# Sound problems with a DVD



## SelwynRose (Sep 6, 2012)

Good-day, Forum members.
I may not be in the right forum here; I hope you will forgive me, if so, because this concerns TV and not computers.
My wife and I have a slight hearing problem and our best solution has been to purchase individual ear-phones by which we could enhance our hearing ability without cutting out the voice-function for others in the same room.
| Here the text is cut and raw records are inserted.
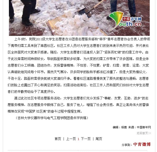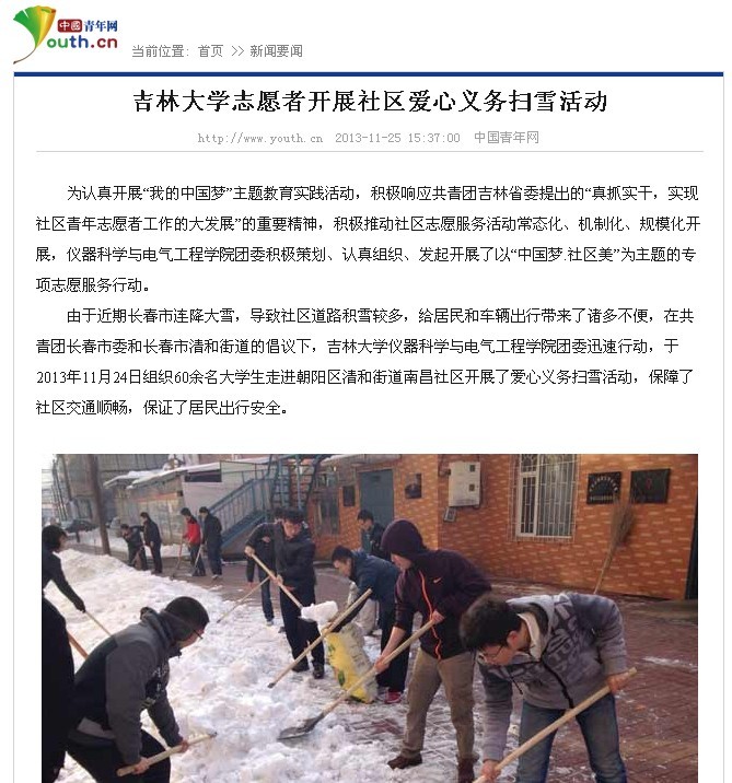中国青年网《吉林大学志愿者开展社区爱心义务扫雪活动》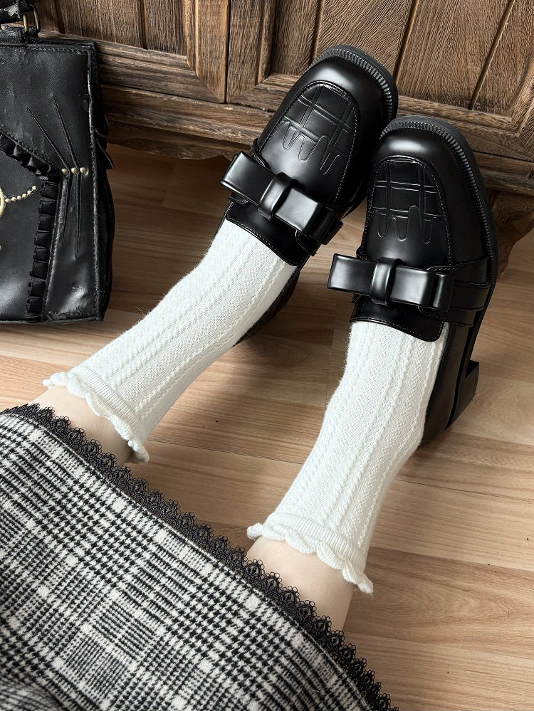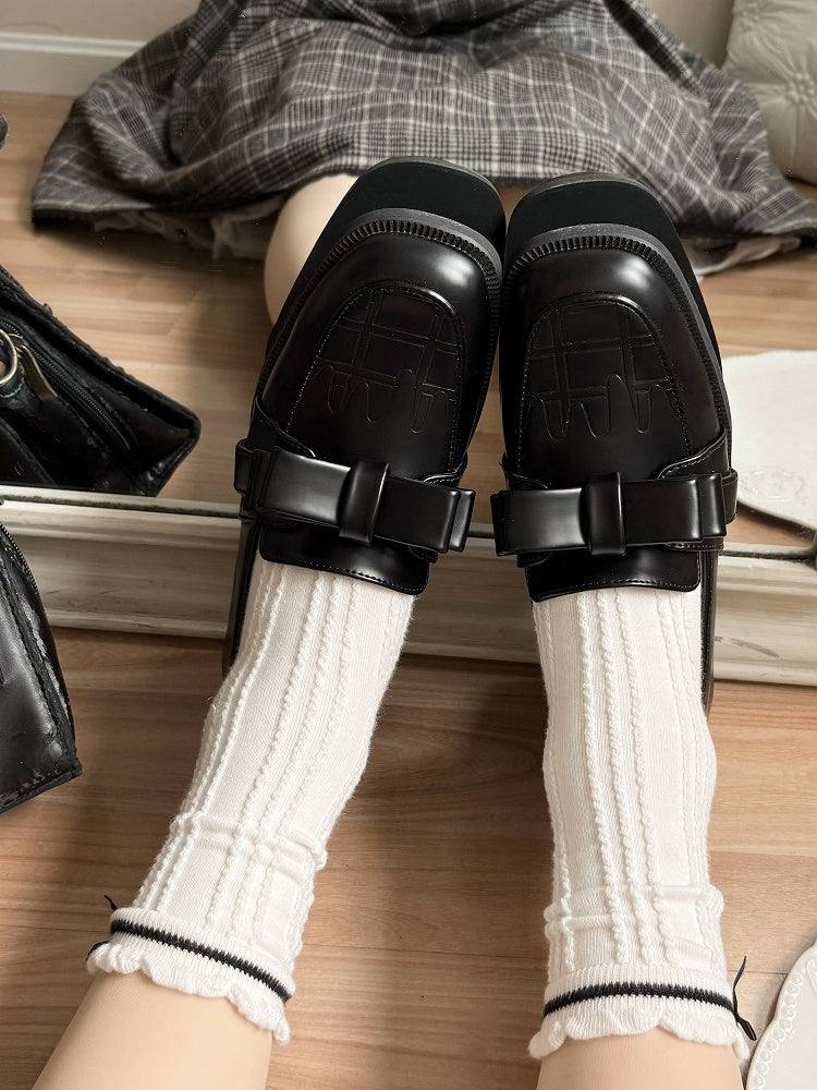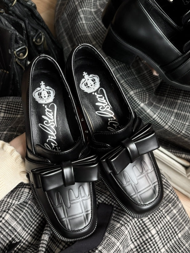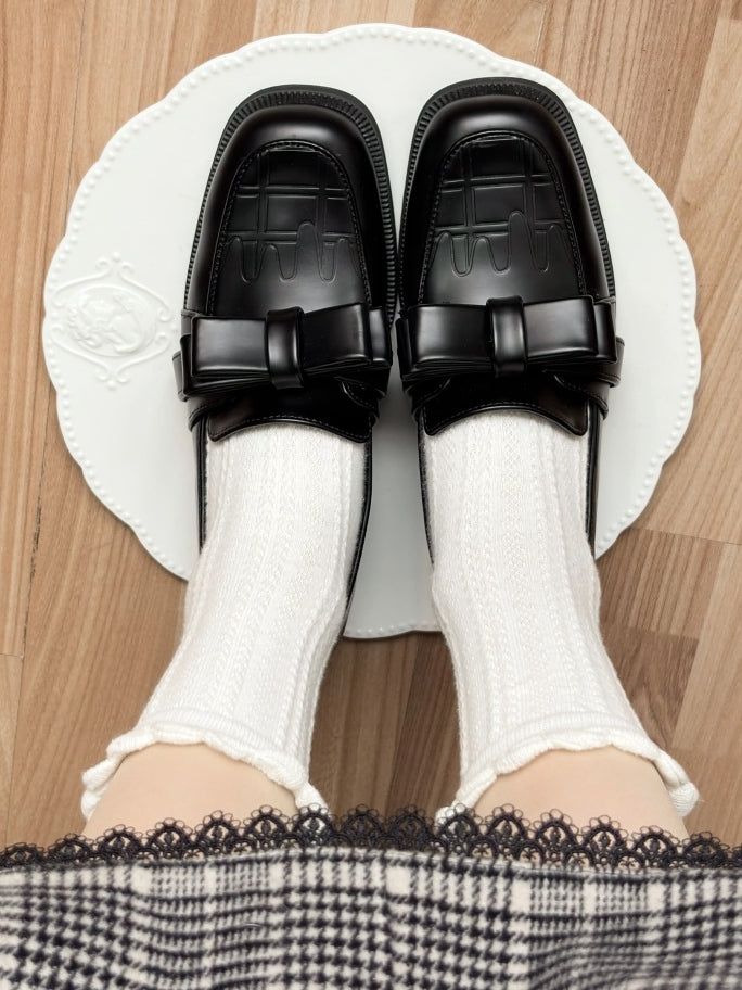ブラックチョコレートリボン付きスリップインフィットローファーシューズ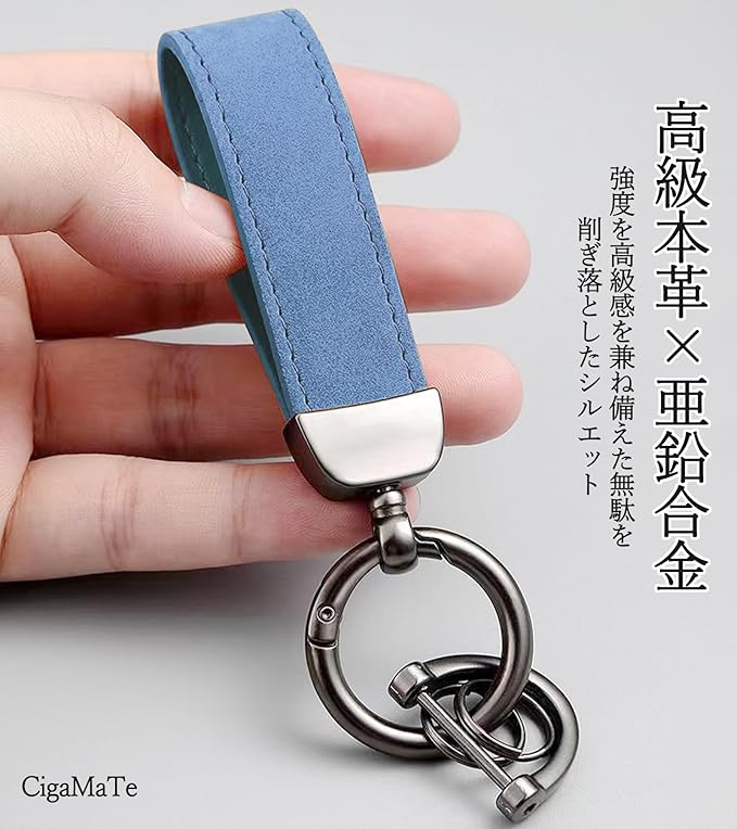 [CigaMaTe] 本革 車用キーホルダー キーリング キーチェーン ダブルリング カラビナ 車 バイク 自転車 リング 取り外し 防錆 亜鉛合金 ストラップ 手触りいい シンプルデザイン 紛失防止 おしゃれ 色が選ばれる | KAZESHOP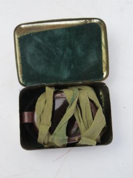 A pair of SOE Mk 1 Jump goggles with strap in original tin, with cleaning instructions.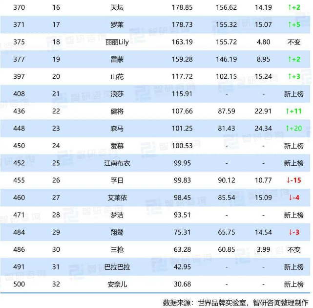 3)就与2020年品牌价值排名对比来看,纺织服装行业有7个品牌的排名出现下滑,12个品牌排名有所提升,5个品牌排名未发生变化。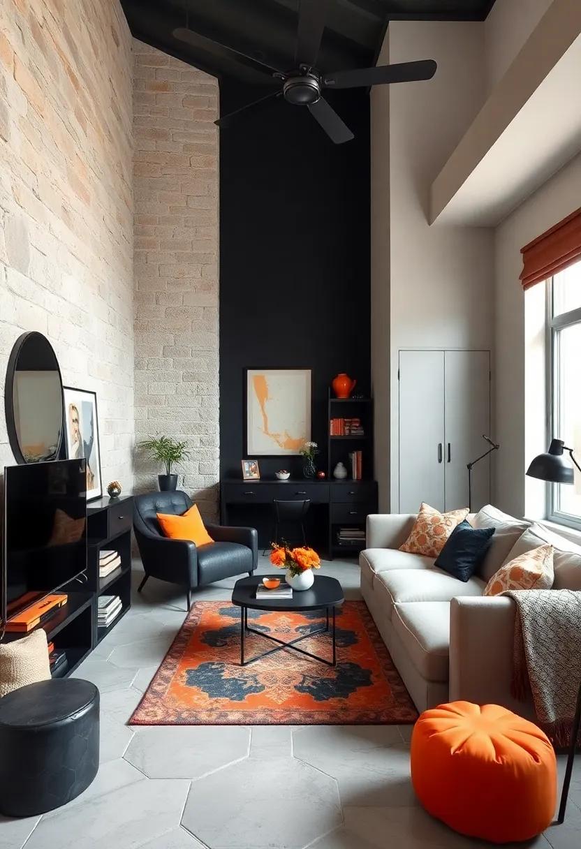 Textured Rugs: Incorporate a plush black rug to soften the space and create a cozy atmosphere, layering in pops of tangerine through smaller accent rugs
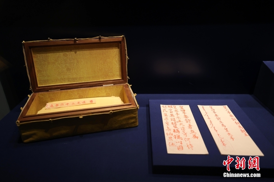在“明清档案”专题展厅展出的道光帝秘密立储谕旨并匣(仿制品)。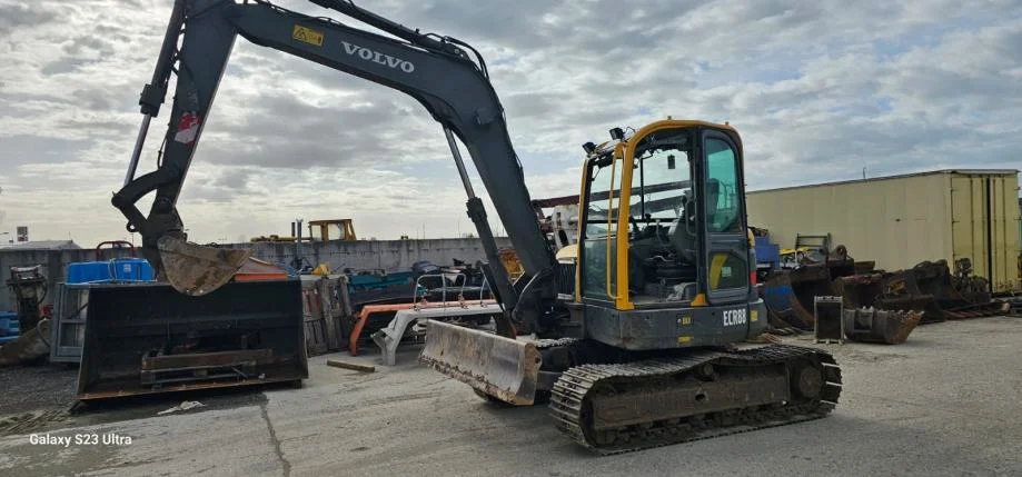 Mini-pelle Volvo EC88 de 8,3 tonnes, robuste et performante, équipée d’un moteur diesel 42 kW, cabine climatisée, attache rapide hydraulique et 3 godets inclus, prête à travailler avec garantie 12 mois.

This works perfectly under nearly ALL circumstances, including various DVD's and VHS's that I have recorded and/or purchased. 

I have recently purchased a DVD - "The Longest Day" - and the sound-track is heard perfectly directly from the TV but no amount of fiddling with various possible connections succeeds in reproducing the sound track via the ear-phones. Has anyone got the slightest idea what the problem may be? I would be most grateful for any help or suggestion.
Selwyn.


----------



## JimE (Apr 16, 2009)

Should be no changes necessary from DVD to DVD.

What hardware is being used and how is it connected?


----------



## War2th (Sep 3, 2012)

check out this. good stuff. good stuff. get 1 of those and an "audio distrobution amplifier" to connect everything a bit pricey but worth every penny


----------



## War2th (Sep 3, 2012)

sry 4 got the link

Home Theater Headphones - Wireless Headphones Reviews


----------



## SelwynRose (Sep 6, 2012)

Thank you Dogg & War2th for your replies.
Dogg: Both the DVD player and the TV are LG units and - as stated - work correctly with other purchased DVD's and VHS's as do the head-sets; one unit of head-sets is Sony the other Sennheiser. 
War2th: I don't really need another replacement headset; the ones I have function perfectly with other playable recordings - commercial or home-produced.

Many thanks to both of you and have a nice week-end.


----------